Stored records
==========
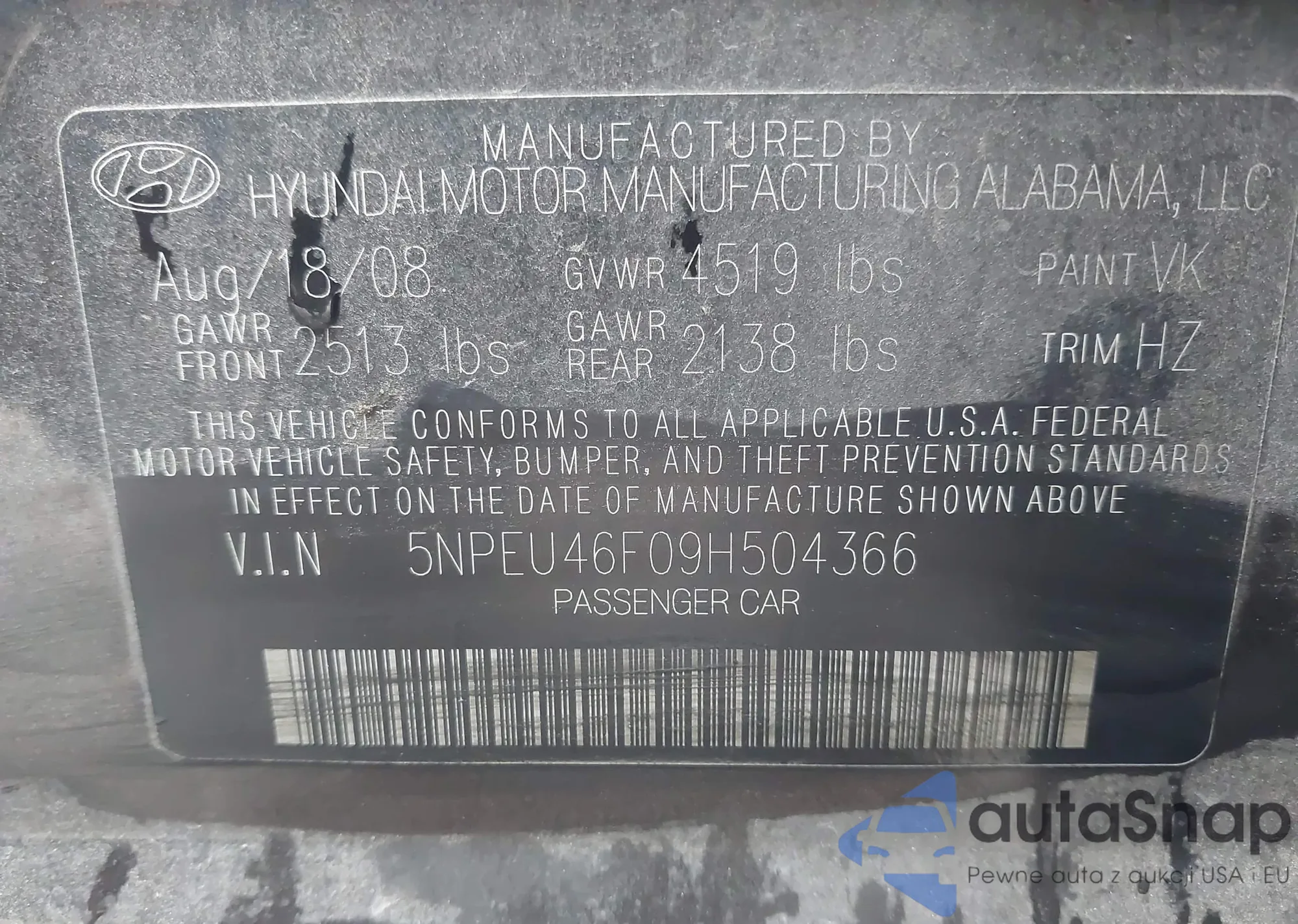 • VIN 5NPEU46F09H504366
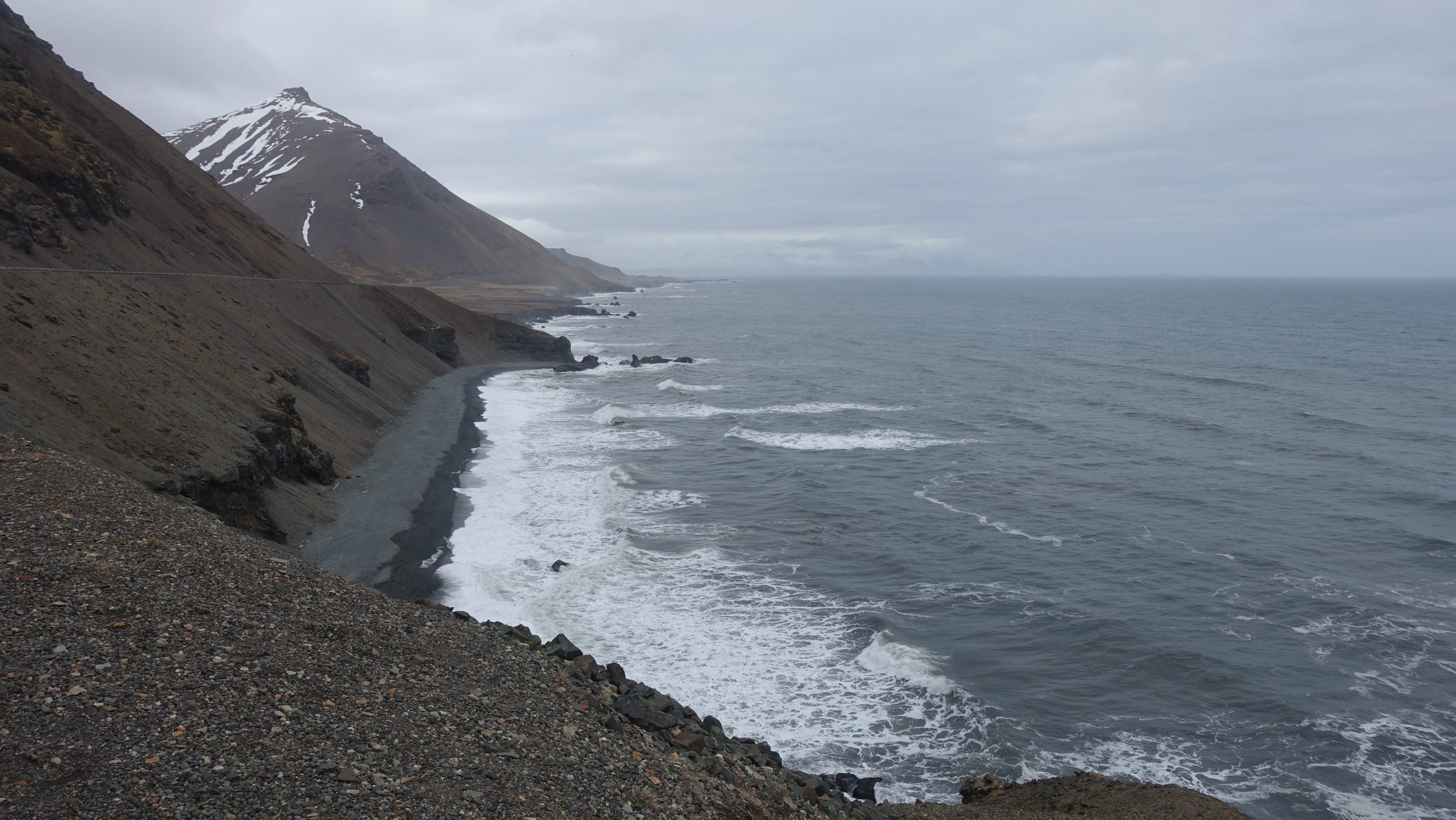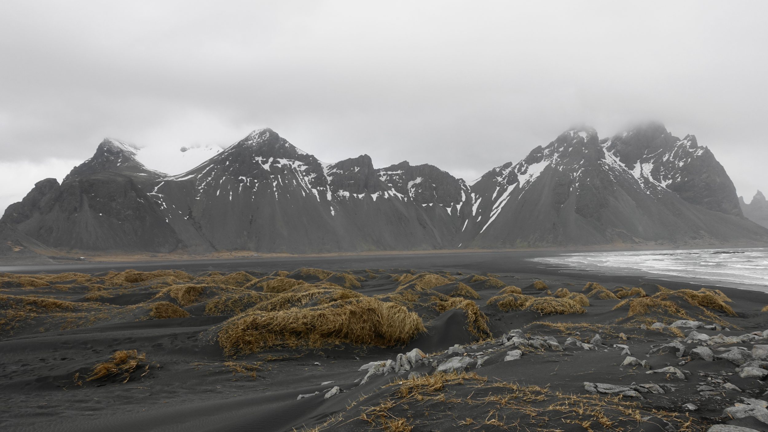 Al marcar el billete de entrada tenemos acceso a un camino (accesible en coche) que lleva a la playa de Strokksnes. Desde la playa de arena negra tenemos una maravillosa vista de la montaña Vestrahorn, un paraíso para los fotógrafos (y escaladores). Desgraciadamente, mis fotos no fueron un gran éxito por culpa del tiempo. Cuando hace buen tiempo, se puede ver el Vestrahorn reflejado en el agua (mira en google maps)
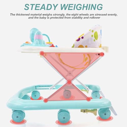 - Stable & Durable:Built with thickened, durable materials for strong load-bearing capacity, this baby walker ensures safety with eight wheels that distribute weight evenly. It reliably protects babies from tipping over
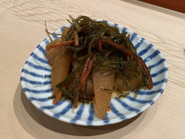 にぎりのお寿司の前にお任せでいろいろなお寿司中心のお料理が来ます。
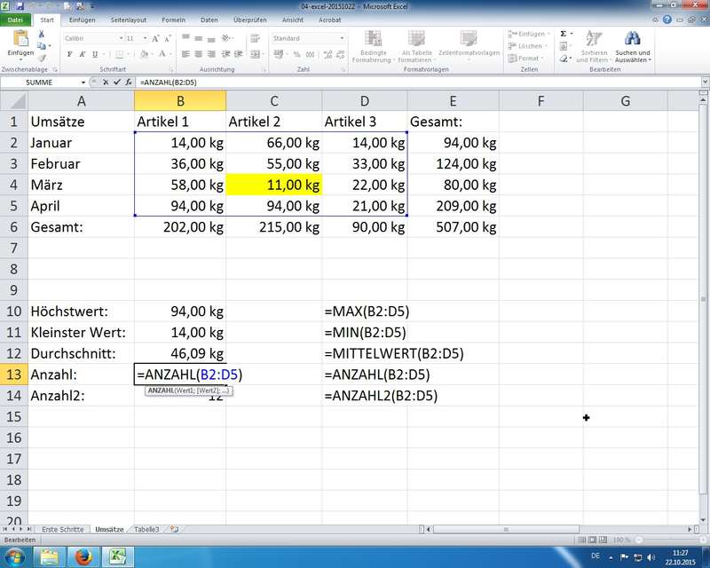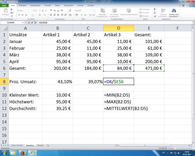 Arbeiten mit Formeln und Funktionen, Verknüpfungen, Formaten; Diagramme - Tag 3: Word 2010
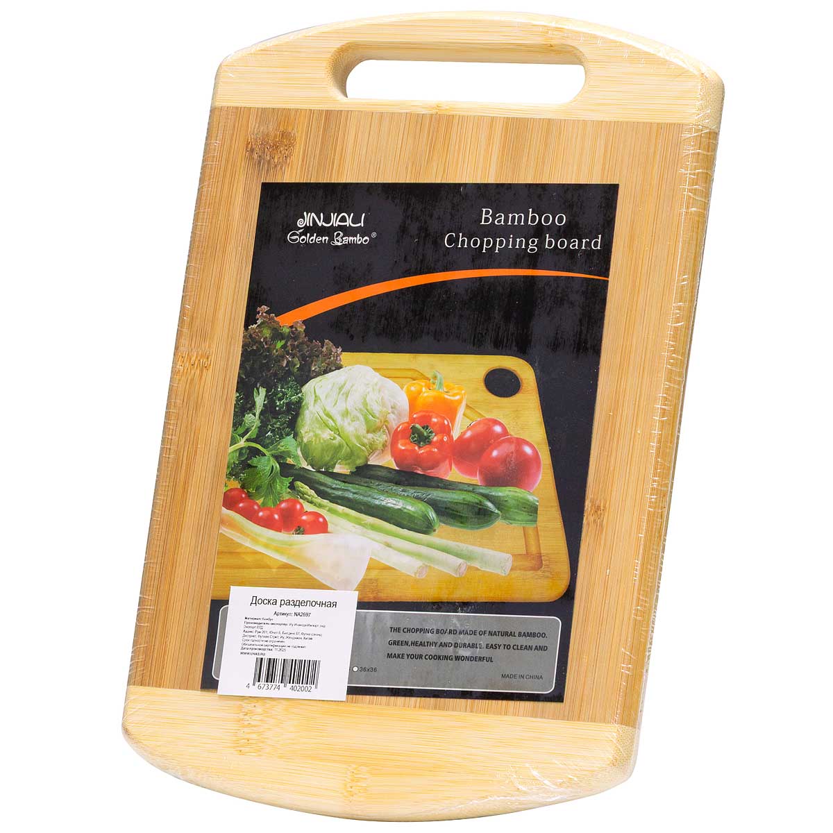Бамбук - экологичный, долговечный, антисептический, материал. За счет этого разделочная доска обладает высокой прочностью, устойчива к влаге, механическим повреждениям, надолго сохранит лезвие ножа острым. Материал не выделяет вредных веществ и абсолютно безопасен для здоровья. Доска прочная и практичная: не займет много места на вашей кухне, но при этом доска легкая и портативная.
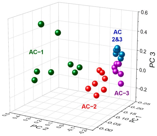 The continuous data of heat of hydration curves were further examined and analyzed using Principal Component Analysis (PCA), which converted the curves into numerical data related to the principal components, as depicted in Figure 7. Eigenvalues (Table 6) suggest that the first three principal components are significant, as their eigenvalues exceed 1. These principal components account for 69.8%, 19%, and 7.3% of the variability in the data for PC1, PC2, and PC3, respectively. Collectively, these three principal components explain 96.2% of the total variance. The 3D plot (Figure 7) represents four groups of different formulations, each sharing a common characteristic, as explained below.
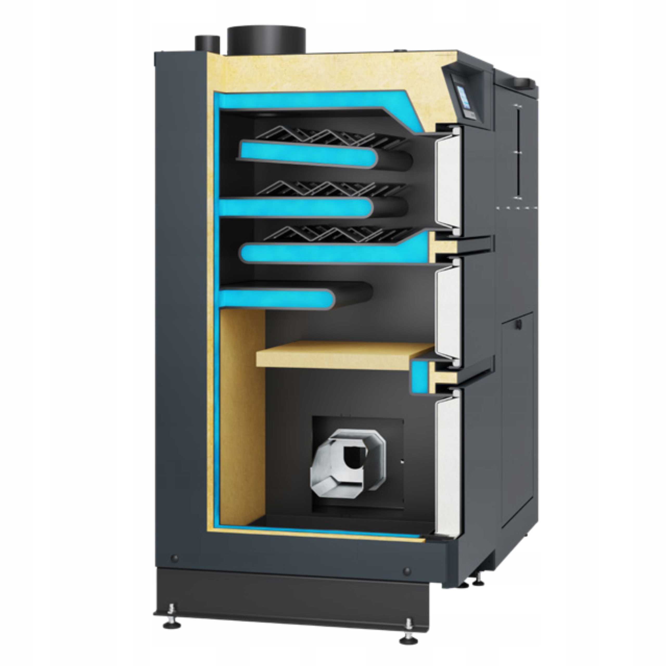 котел с автоматической горелкой, спрятанной в резервуаре для хранения топлива, имеет простой в использовании и стабильный контроллер, используемый биотопливо - гранулы 6-8 мм.
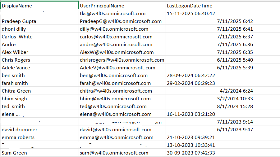 This script provides administrators with a reliable way to track the last login date of all users in the tenant, ensuring visibility into active usage patterns and potential dormant accounts. With automatic email delivery, admins can stay informed without manually generating the report, making this an efficient and governance-friendly solution for ongoing tenant monitoring.
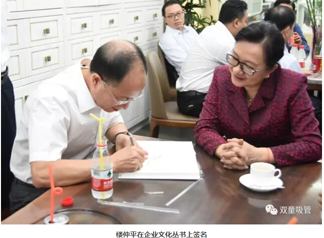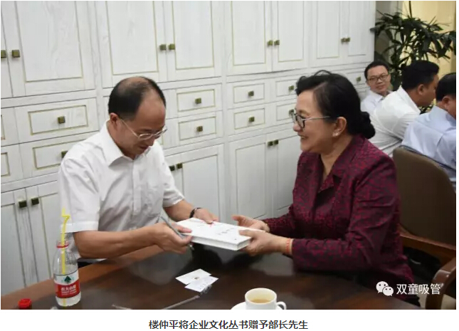 坐下后,看到桌子上的企業(yè)文化叢書,部長先生忍不住翻閱起來,并向樓仲平主動表示:“我太喜歡你們公司的企業(yè)文化了,能送我一本嗎?”她說:“我真是太喜歡‘雙童’了!看到部長先生對“雙童”文化如此感興趣,樓仲平非常希望能夠送她一套企業(yè)文化叢書。部長先生說道:“既然你把書贈予我,當然要幫我在上面簽名?!睒侵倨介_玩笑道:“自己只上過小學,不太會寫字,都是蓋章的?!辈块L先生大方直言自己也才讀了六年的書,可見要取得如今的成就,部長先生背后付出了多少努力呢!
==========
> [What needs to be done] What you return must be every entry, word for word, without any pictures.

> [Solved exercise]
 • VIN 5NPEU46F09H504366
 Al marcar el billete de entrada tenemos acceso a un camino (accesible en coche) que lleva a la playa de Strokksnes. Desde la playa de arena negra tenemos una maravillosa vista de la montaña Vestrahorn, un paraíso para los fotógrafos (y escaladores). Desgraciadamente, mis fotos no fueron un gran éxito por culpa del tiempo. Cuando hace buen tiempo, se puede ver el Vestrahorn reflejado en el agua (mira en google maps)
 - Stable & Durable:Built with thickened, durable materials for strong load-bearing capacity, this baby walker ensures safety with eight wheels that distribute weight evenly. It reliably protects babies from tipping over
 にぎりのお寿司の前にお任せでいろいろなお寿司中心のお料理が来ます。
 Arbeiten mit Formeln und Funktionen, Verknüpfungen, Formaten; Diagramme - Tag 3: Word 2010
Бамбук - экологичный, долговечный, антисептический, материал. За счет этого разделочная доска обладает высокой прочностью, устойчива к влаге, механическим повреждениям, надолго сохранит лезвие ножа острым. Материал не выделяет вредных веществ и абсолютно безопасен для здоровья. Доска прочная и практичная: не займет много места на вашей кухне, но при этом доска легкая и портативная.
 The continuous data of heat of hydration curves were further examined and analyzed using Principal Component Analysis (PCA), which converted the curves into numerical data related to the principal components, as depicted in Figure 7. Eigenvalues (Table 6) suggest that the first three principal components are significant, as their eigenvalues exceed 1. These principal components account for 69.8%, 19%, and 7.3% of the variability in the data for PC1, PC2, and PC3, respectively. Collectively, these three principal components explain 96.2% of the total variance. The 3D plot (Figure 7) represents four groups of different formulations, each sharing a common characteristic, as explained below.
 котел с автоматической горелкой, спрятанной в резервуаре для хранения топлива, имеет простой в использовании и стабильный контроллер, используемый биотопливо - гранулы 6-8 мм.
 This script provides administrators with a reliable way to track the last login date of all users in the tenant, ensuring visibility into active usage patterns and potential dormant accounts. With automatic email delivery, admins can stay informed without manually generating the report, making this an efficient and governance-friendly solution for ongoing tenant monitoring.
 坐下后,看到桌子上的企業(yè)文化叢書,部長先生忍不住翻閱起來,并向樓仲平主動表示:“我太喜歡你們公司的企業(yè)文化了,能送我一本嗎?”她說:“我真是太喜歡‘雙童’了!看到部長先生對“雙童”文化如此感興趣,樓仲平非常希望能夠送她一套企業(yè)文化叢書。部長先生說道:“既然你把書贈予我,當然要幫我在上面簽名?!睒侵倨介_玩笑道:“自己只上過小學,不太會寫字,都是蓋章的?!辈块L先生大方直言自己也才讀了六年的書,可見要取得如今的成就,部長先生背后付出了多少努力呢!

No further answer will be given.